Exploring logarithmic quantization for efficient neural network inference
This project will be performed in collaboration with Assistant Professor Georgios Keramidas from the Aristotle University of Thessaloniki
Objective
Edge AI is a new paradigm in Machine Learning (ML) that compresses Deep Learning (DL) models for inference and training on the billions of edge devices that constitute the Internet of Things (IoT). However, Edge AI is challenging due to resource constraints of the hardware devices: typical microprocessors (MCUs) in the IoT have less than 2MB of Flash memory and 320KB of SRAM, with a processor frequency of no more than 100MHz. For this reason, existing DL architectures must be compressed and optimized for inference at the edge.
How
You will investigate logarithmic quantization [1] as a method to reduce the computational cost of neural network inference on resource-constrained devices. Unlike uniform quantization, logarithmic quantization maps weights to powers of two, allowing multiplications to be replaced by bit-shift operations, which are significantly faster and more energy-efficient on embedded hardware. You will implement a log quantizer for multiple neural networks and evaluate their performance improvements in terms of latency, memory usage, energy consumption and accuracy trade-offs for multiple datasets compared to standard int8 quantization.
Outputs
A new open-source compression framework of neural networks. Validation of the framework for different datasets, with an emphasis on accuracy, memory and processing requirements as well as power consumption.
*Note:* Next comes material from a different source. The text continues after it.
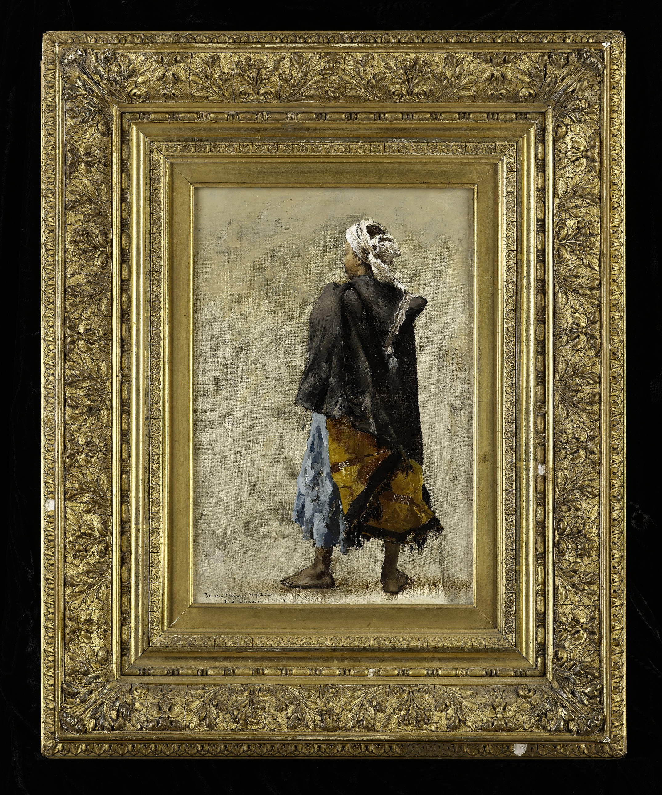 The present oil sketch is a study for the prominent figure in the foreground of Week’s large canvas Powder Play: City of Morocco, Outside the Walls, painted in Paris around 1880-18823, after the artist’s return from several years in Morocco. The painting depicts a scene outside the walls of a Moroccan city, possibly the ancient capital of Marrakech, with the snow-capped Atlas mountains in the distance. A contingent of mounted troops parades before the Sultan, sitting on horseback under a red canopy, while in the foreground a smaller group of mounted warriors show off their marksmanship.

If the validation yields state of the art results and if time permits, the publication and presentation of the results in an international conference.
Prerequisites
- Solid understanding of Machine Learning and Deep Learning fundamentals
- High-level coding skills in Python
- Nice to have or willing to learn: Coding skills in C
- Nice to have or willing to learn: Understanding the architecture of modern MCUs
- Willingness to contribute to the state-of-the-art neural network models
- [1] Przewlocka-Rus, Dominika, Syed Shakib Sarwar, H. Ekin Sumbul, Yuecheng Li, and Barbara De Salvo. "Power-of-two quantization for low bitwidth and hardware compliant neural networks." arXiv preprint arXiv:2203.05025 (2022).